Rep. Rodney Davis (R-IL and also Paul Ryan's butt) didn't know what hit him.
It was a bucketload of facts via Ali Velshi.
Partial transcript via Media Matters:
ALI VELSHI (HOST): We've seen it under the Reagan administration, we've seen it in the UK recently. When you lower tax rates on corporations, you don't see any corresponding wage increase in the United States. That's the bottom line. There's just no evidence of that actually happening. So I'll tell you what happens, if you are a company or you’re wealthy in America and you lose the estate tax and you lose the AMT and you get the corporate tax rate reduced from 35 to 20, those are absolute gains. there is no question that’s going to happen if one of these bills passes. But if you're middle class you know you'll get an average $1,200 gain and everything else is a hope. You hope economic growth will hit 3%, you hope the companies will take the savings that they have in taxes and somehow build factories that'll employ more people and not outsource. So you know what I am saying, if you're middle class in America, this is on a wish and prayer. If you're rich, this is a gift.
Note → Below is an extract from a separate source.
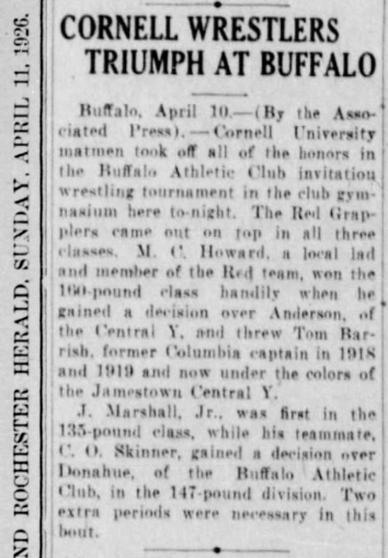 Milford Carlyle Howard (CU) > Thomas Barish (JYMCA) fall 4:00

REP. RODNEY DAVIS (R-IL): I don't think so. As a matter of fact, you and I must have a distinct disagreement on what the American economy and small businesses throughout this country are going to do when we put more money into their pockets and allow them to invest more money in their businesses. They are going to buy more equipment, this manufacturing and --
VELSHI: Why, sir? Why? Congressman, there's no shortage of capital in this country for businesses --
DAVIS: Because I've seen it happen --
VELSHI: Interest rates are as low as they've ever been. Money is everywhere to be had. Companies are not expanding, not because of the shortages of capital or money or tax rates are too high. You know why companies expand? When there's demand. I just don't know where you are going to think this all of a sudden demand is going to pop up when you don't give the people the break, you give the companies the break. Companies have a lot of money.
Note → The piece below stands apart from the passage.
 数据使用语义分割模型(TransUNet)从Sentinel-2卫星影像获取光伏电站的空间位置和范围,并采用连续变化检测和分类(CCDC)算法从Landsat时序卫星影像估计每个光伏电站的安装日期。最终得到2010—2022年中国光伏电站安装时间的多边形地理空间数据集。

DAVIS: We believe we are giving -- you look at the individual tax bracket changes that we've put forth and we are focusing completely on the middle income and lower income families. They're going to be able to ensure that their taxable income continues to go down, and that means also a fair, flatter, and simpler tax code to allow them to put more money in their pockets and participate in their local economies and help their Main Street businesses. And I do believe that companies in our Main Streets are going to continue to invest and grow in our communities to be able to help create the jobs that we know are going to be a part of this package once it passes.
VELSHI: I am going to put it on the screen. You won't be able to see it but I'll tell what you it is. This is the Reagan tax cuts when corporate tax rates went from 46% to 34%, wages fell for five straight years by as much as $3,000 adjusting for inflation. There is just no evidence that tax cuts result in higher wages. I'd be happy to study anything you give me that tells me otherwise. I feel like you are working off of talking points, sir.